Article May 17, 2019.
A few years ago, the auto industry boldly predicted the release of fully unmanned vehicles of level 5 in 2020 or 2021, but this task turned out to be much more complicated than they thought.
The recently popular concept of unmanned vehicles that you can ride anywhere and anytime (or cars that you can sleep in the backseat while riding) slowed down a bit, as carmakers recognized that the development of full-fledged unmanned control technology turned out to be more complicated. than expected.
Questions about the future of technology reached full public comment in April 2019, when the CEO of Ford Motor Co. Jim Hackett acknowledged what was already painfully apparent to most of the engineering community. “We have overestimated the prospect of autonomous cars,” Hackett quote, which circulated through numerous news channels. “The scope of such vehicles will be quite narrow, the geofence restriction will come into play.”
However, Hackett was not the first to make such a statement. The automotive industry hinted at this for months before Ford announced. In November 2018, for example, John Krafchik, CEO of Waymo, Google’s drones division at Google, was even more outspoken than Hackett. “It’s very, very complicated,” Krafchik said during a live technology conference. “You don’t know what knowledge you are missing until you try to do something.”
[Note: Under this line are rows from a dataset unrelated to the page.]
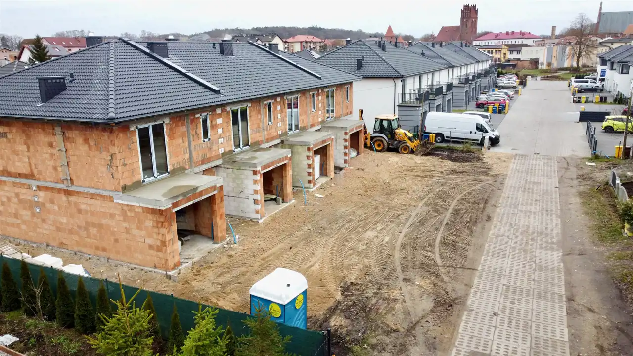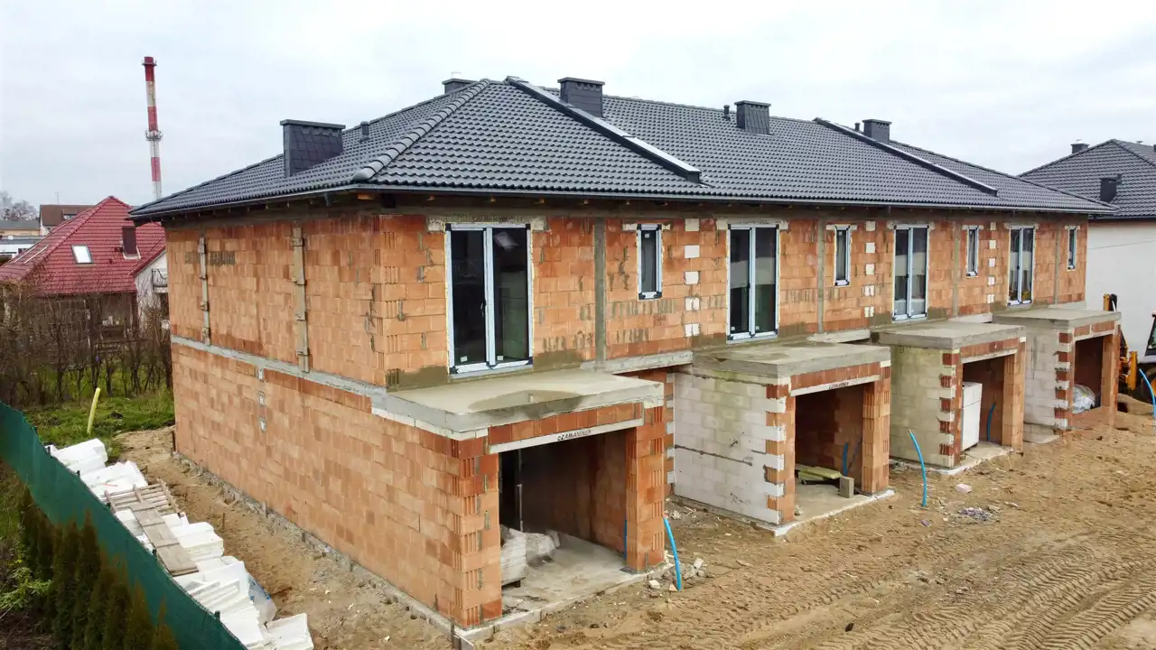 - nowoczesny budynek w zabudowie szeregowej, wybudowane w technologii murowanej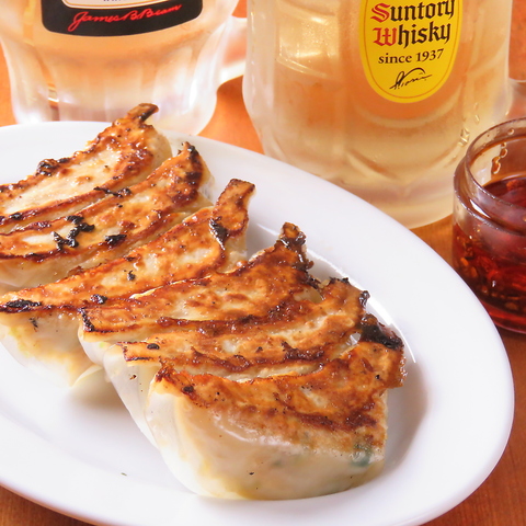 中ちゃん自信作!キャベツを多めに配合した手作り餃子は野菜の甘味・コクがあり美味!是非酢コショウで味わってみて下さい♪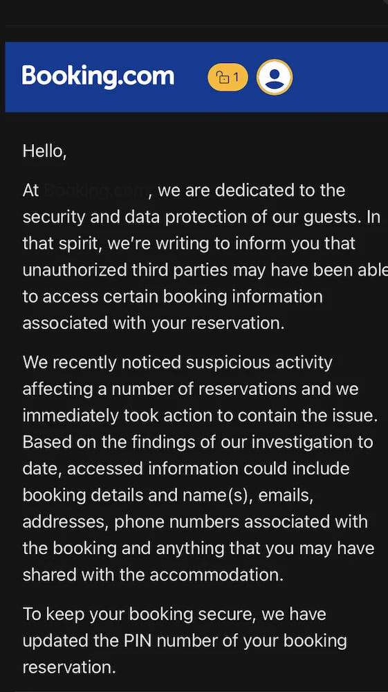• Один из крупнейших в мире сервисов для бронирования отелей, Booking, был взломан. Сервис разослал соответствующие уведомления пользователям по электронной почте (фото). • В письме сказано, что злоумышленники получили информацию о бронировании отелей, именам пользователей, их номерам телефонов и почтовым адресам. Пока масштаб утечки неизвестен, однако такую рассылку получили только жители Австралии. • Сам сервис сообщает, что ситуация под контролем, а пользователям рекомендуют не переходить по ссылкам из писем "от отелей" и перепроверять любые сообщения о бронированиях. ➡️ Источник. #Новости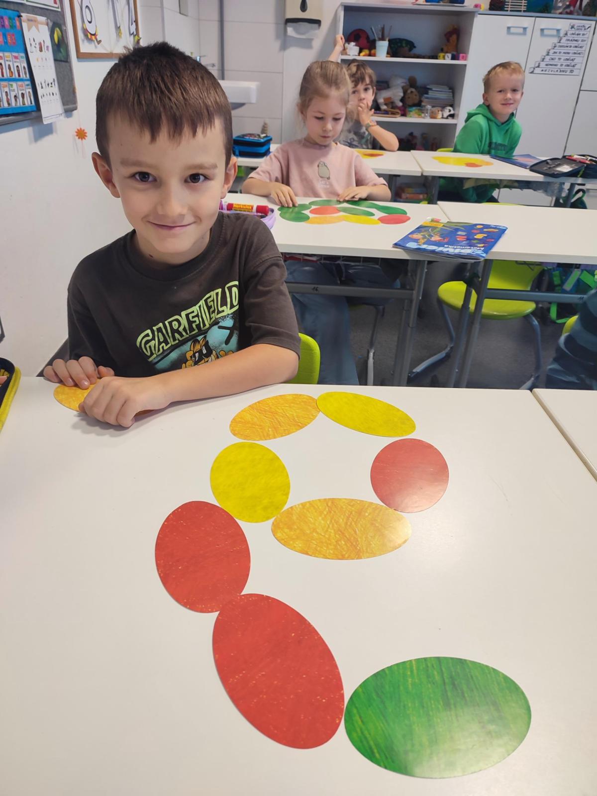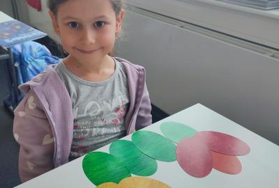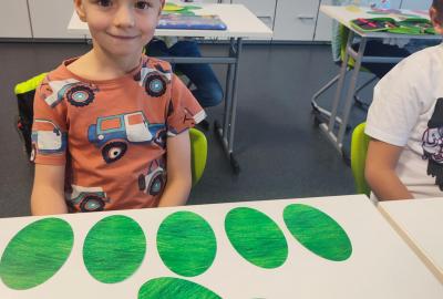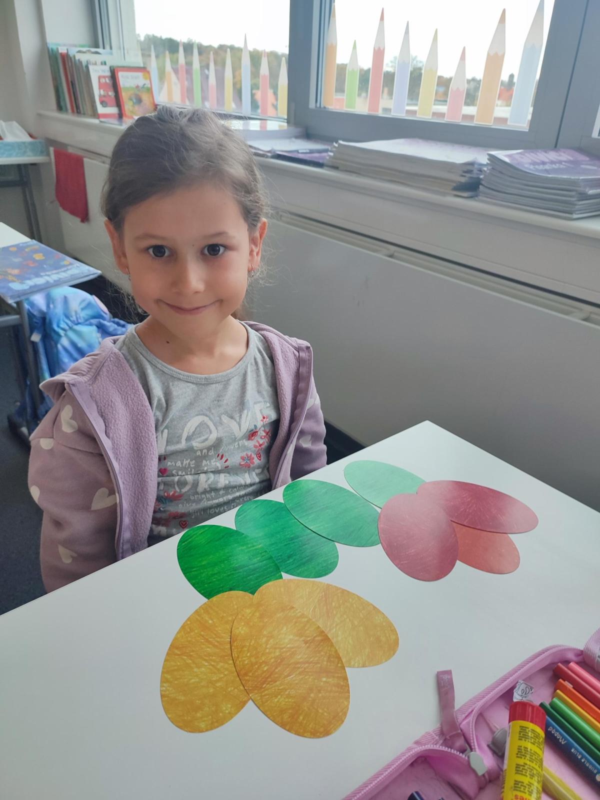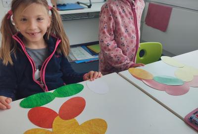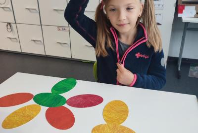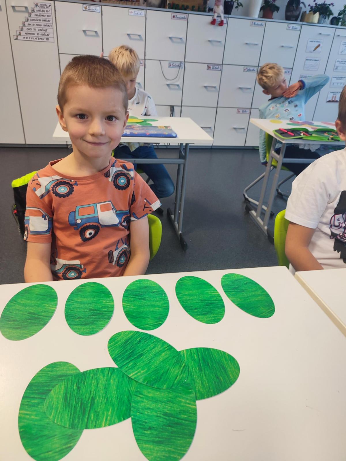 V matematice jsme skládali příklady na sčítání a odčítání s barevnými papírovými vajíčky a nakonec jsme z nich vytvořili veselé obrázky.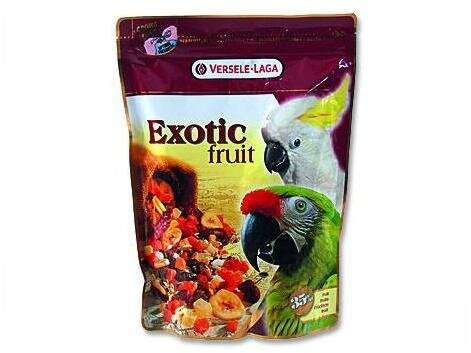 - Versele-Laga Exotic Fruit je pochoutka, která papoušci prostě milují. Vyžadují dostatek různých druhů ovoce, ale stejně si vychutnají i bohatou směs zrnin a semen.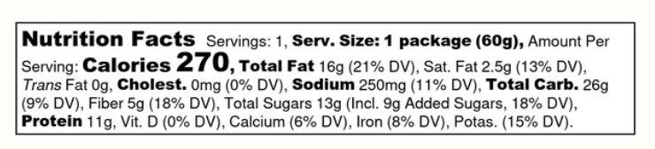 Peanuts, Raw Organic Honey, Organic Quinoa, Pea Protein, Cherries (Tart Cherries, Sugar, Sunflower Oil), Michele's Granola (Gluten Free Oats, Mapel Syrup, Non-GMO Expeller Pressed Canola Oil, Sea Salt), Chicory Root Fiber, Pecans, Askinosie Chocolate (Cocoa Beans, Sugar), Organic Virgin Coconut Oil, Jacobsen Sea Salt, Sunflower Lecithin, Vanilla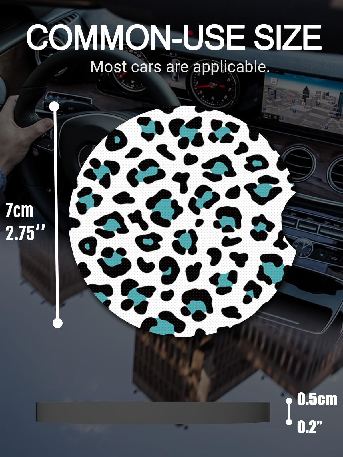 Diameter 2.75 inch, thick 0.2inch.These car cup holder coasters are general dimensions. We suggest that you measure your size to make sure it matches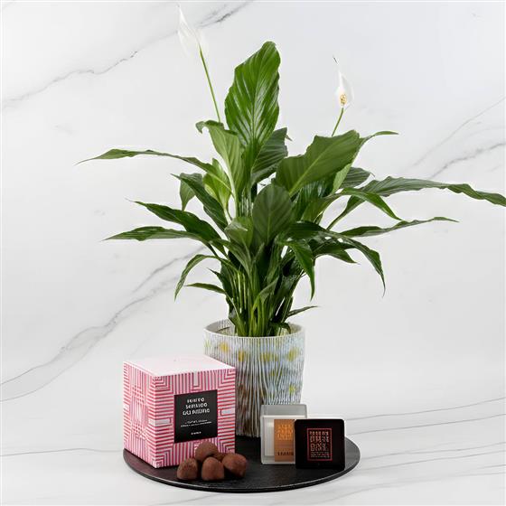 This Lovely 50cm Peace Lily together with an eco friendly Bam Boo 80g candle and a box of coco dusted truffle chocolates.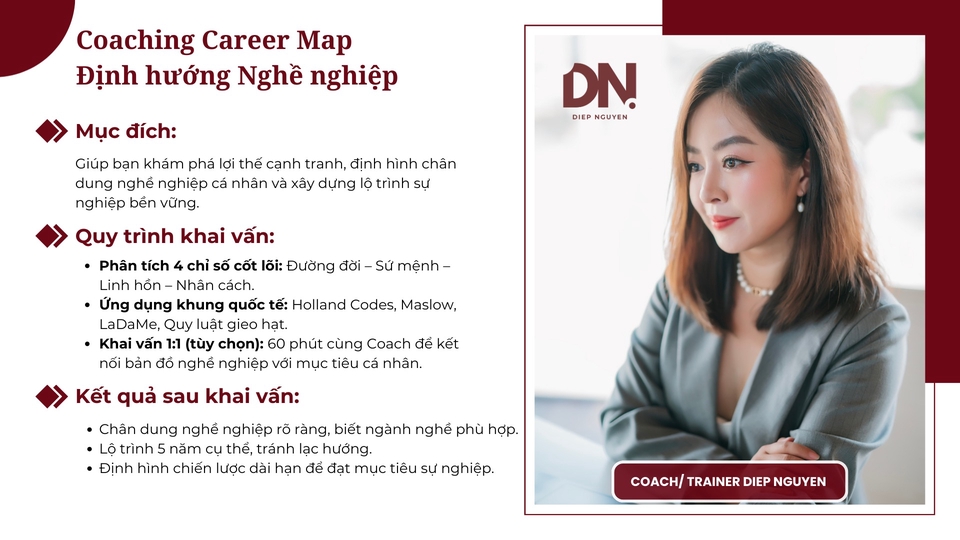 🌟 Mục đích: - Giúp cá nhân xác định lợi thế cạnh tranh và chân dung nghề nghiệp riêng. - Định hướng rõ ràng con đường sự nghiệp dựa trên 4 chỉ số cốt lõi (Đường đời – Sứ mệnh – Linh hồn – Nhân cách), kết hợp các khung tham chiếu quốc tế (Holland Codes RIASEC, tháp Maslow, khung Ladame…). - Tránh lạc hướng trong lựa chọn nghề nghiệp, xây dựng lộ trình phát triển 5 năm và chiến lược dài hạn. 🛠️ Quy trình khai vấn (Coaching Process) - Trước buổi coaching: Khách hàng nhận bản Career Map cá nhân hóa (bản đồ nghề nghiệp). - Trong 60 phút coaching: + Coach khai thác nhu cầu, mong muốn, bối cảnh thực tế. + Làm rõ ý nghĩa các chỉ số trong Career Map. + Kết nối bản đồ nghề nghiệp với mục tiêu cá nhân. + Đề xuất các bước hành động cụ thể để ứng dụng ngay. ✅ Kết quả sau khai vấn - Có bức tranh rõ ràng về nghề nghiệp: mình hợp với ngành nào, công việc nào. - Biết cách tận dụng điểm mạnh, cải thiện điểm yếu. - Có lộ trình 5 năm rõ ràng với các cột mốc quan trọng. - Được truyền động lực, định hình tư duy và chiến lược sự nghiệp dài hạn. 💰 Gói dịch vụ - Chỉ Career Map (bản đồ nghề nghiệp cá nhân hóa): 600.000đ - Career Map + 60 phút khai vấn 1:1 với Coach: 2.000.000đ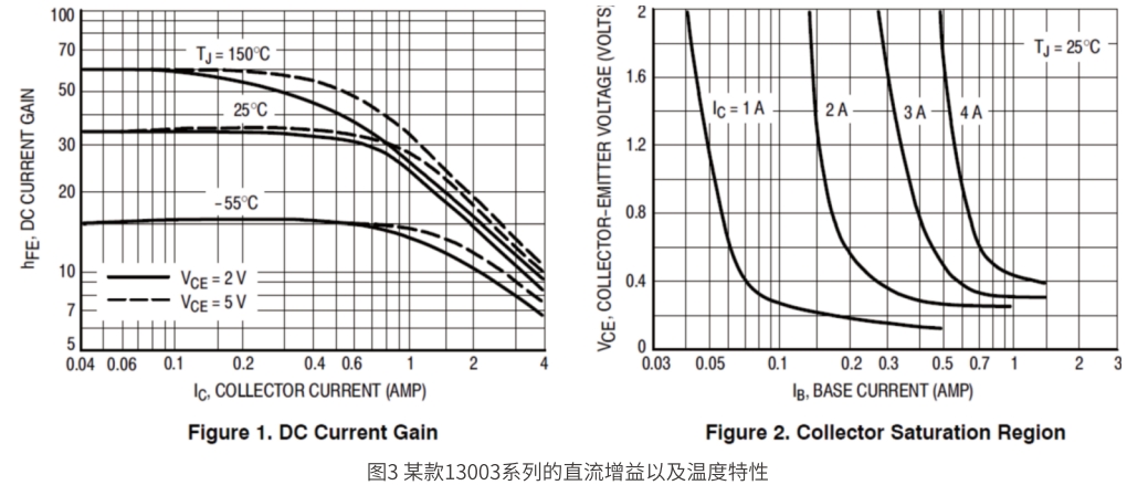 3.功率BJT的hFE是正溫特性,當(dāng)IC=0.7A左右的時候,高溫時會增加25%左右(如圖3所示),因此,溫度越高,同等驅(qū)動電流(芯片驅(qū)動電流接近零溫)情況下的VCE會越低,導(dǎo)通損耗越小。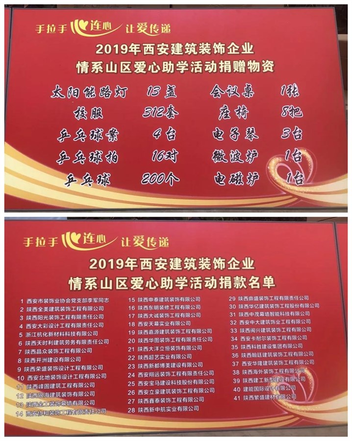 11月22日,西安市建筑裝飾業協會“情系山區·愛心助學”活動在安康市譚壩鎮九年制學校開展。西安翔遠裝飾工程有限責任公司愛心代表同西安市建筑裝飾業協會的41家愛心企業80余位愛心代表們一同參加活動。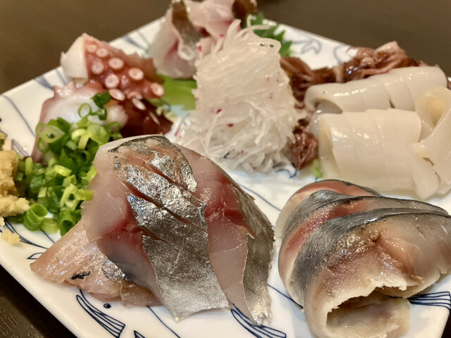 この時期のアジ・イワシは脂がしっかり感じられてフレッシュ。イカはねっとりとした旨みで美味しく、タコは普通の味わいでしたが、食感よし。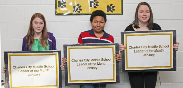 Charles City Middle School student leaders for January are (l to r) Cassandra Braten (Grade 6), DeAndre’ Gardner (Grade 7), and Taylor Richardson (Grade 8).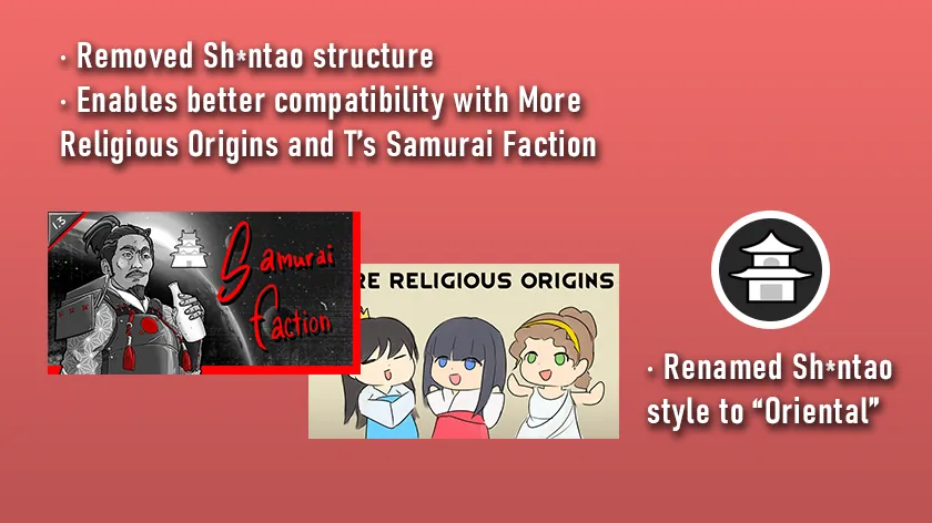 Best used with [b][url=https://steamcommunity.com/sharedfiles/filedetails/?id=2620745910]More Religious Origins[/url][/b] and/or [b][url=https://steamcommunity.com/sharedfiles/filedetails/?id=2559958496]T's Samurai Faction[/url][/b]

Further, Krafchik said that the car industry may not be able to create a car that can drive independently at any time of the year, in any weather and under any conditions. “The condition of autonomy will always impose restrictions,” he added.
The comments by Krafchik and Hackett confirmed what many industry analysts have been saying for more than two years. “I agree with John Krafchik’s comment,” said Sam Abuelsamide, chief analyst at Navigant Research, a publication that publishes an extensive annual assessment of the robotic vehicle industry. “There is no guarantee that in the foreseeable future we will ever have automated vehicles capable of working anytime, anywhere.”
Fifth level dilemma
Such statements, of course, contrast sharply with earlier statements. Just three years ago, many OEMs, fueled by advances in robotics, boldly foresaw a day in the near future when drivers would not be needed. Ford, for example, predicted that this would happen as early as 2021. “There will be no steering in the cabin,” said former senior director Mark Fields in 2016. “There will be no gas and brake pedals and, of course, the driver will not be needed.”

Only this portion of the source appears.